C’est une maxime fondamentale de l’administration égyptienne, que le gouvernement ne peut pas perdre. De là découle le principe de la solidarité, d’après lequel un village ou une province qui paie exactement l’impôt est récompensé de cette exactitude en payant encore pour le village et la province voisine qui ne se sont pas acquittés. Il paraît que ce système, décourageant pour les contribuables, et qu’on a osé employer en France peu d’années avant la révolution[2], a cessé d’être en vigueur. Un fait que j’ai peine à croire, mais que certes on n’inventerait pas ailleurs, offre une application encore plus extraordinaire du principe, que le gouvernement ne peut pas perdre. Une maladie s’étant déclarée dans l’armée, parce que les soldats avaient été nourris avec la chair de chevaux morts d’une maladie contagieuse, une commission composée de médecins européens au service du pacha fut nommée. Elle fit une enquête, puis un rapport établissant la cause de la mortalité, et concluant à ce que des alimens plus sains fussent donnés aux soldats. Le gouvernement remercia les médecins et les combla d’éloges ; mais, comme il ne pouvait pas perdre, une retenue fut faite sur les appointemens des docteurs pour l’indemniser du surcroît de dépense qu’amènerait le changement introduit dans la nourriture du soldat par suite de leur très sage décision. Cette anecdote, dont je ne garantis point l’exactitude, semblerait moins invraisemblable au lecteur, s’il avait entendu comme moi, de la bouche du savant scheikh Rifâah, directeur de l’école littéraire du Caire, ces propres paroles : « Quand on nous a fourni des livres pour l’étude ou pour les traductions, au bout d’un certain temps, comme ces livres ont servi, ils sont usés. Alors le gouvernement, qui ne peut pas perdre[3], exige que l’école l’indemnise du déchet que ses livres ont souffert par l’usage. » Il me semble que ce second fait, que je maintiens authentique, est presque de la force du premier.

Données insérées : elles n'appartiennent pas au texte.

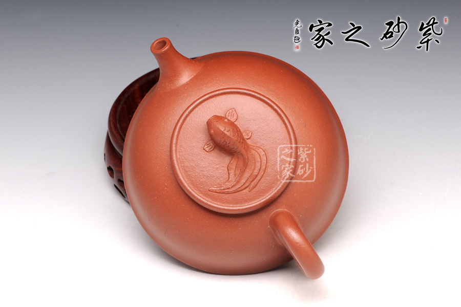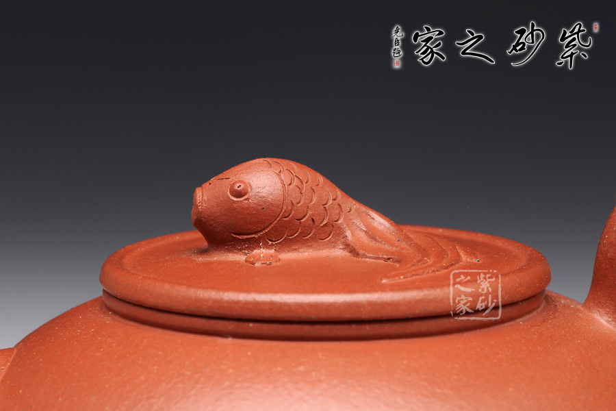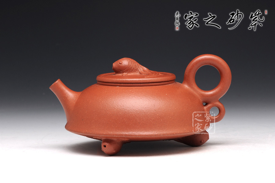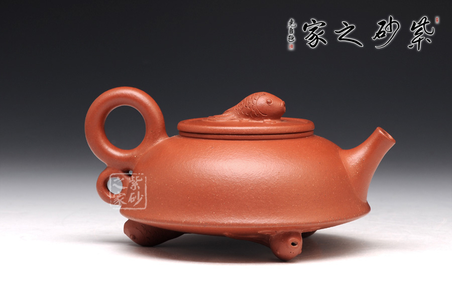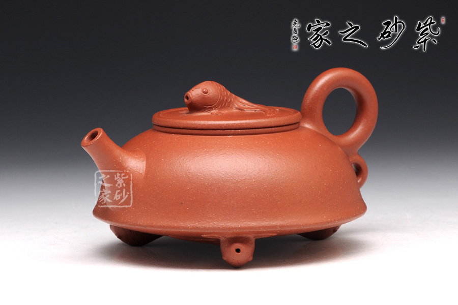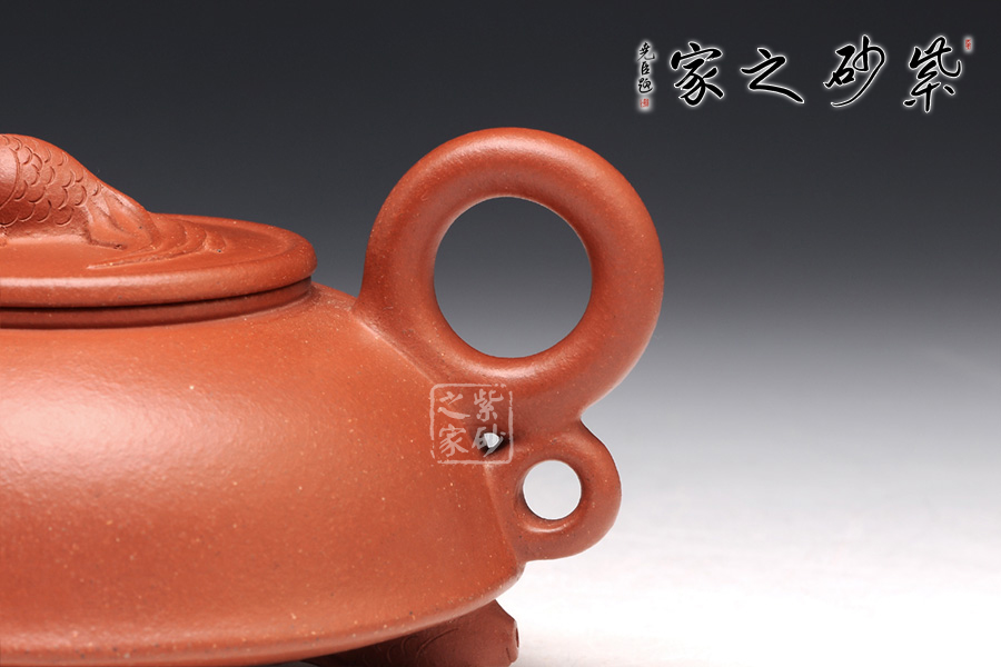 壺設(shè)計的造型新穎,趣味性頗強,而扁圓的壺身恰似一滴水珠,波光粼粼烘托著壺蓋。壺蓋為平蓋的設(shè)計,與壺鈕好似連為一體,設(shè)計成了金魚般的模樣,活靈活現(xiàn),怡然自得。而壺嘴弧度恰如其分,出水爽快且不涎水。壺把處的造型好似出水的氣泡,大小相宜,拿捏舒適。不得不提的是,壺足為三足鼎力,但壺足的造型為三條瀟灑的小金魚,承載著整把壺,與壺鈕一上一下呼應(yīng),趣味橫生。

Méhémet-Ali a résolu un problème qui semblait insoluble. Il a supprimé la propriété et conservé l’impôt ; les terres prêtées par lui aux fellahs, à condition qu’il en réglera la culture et en achètera les produits à un taux arbitrairement fixé, ces terres sont imposées. Cet impôt foncier, nommé miri, forme plus du cinquième du budget égyptien, qui, en 1840, selon M. Bowring, dépassait cent millions. Cent millions ! c’est à peu près ce que l’Égypte rapportait aux Romains, et la population était alors quatre fois plus considérable.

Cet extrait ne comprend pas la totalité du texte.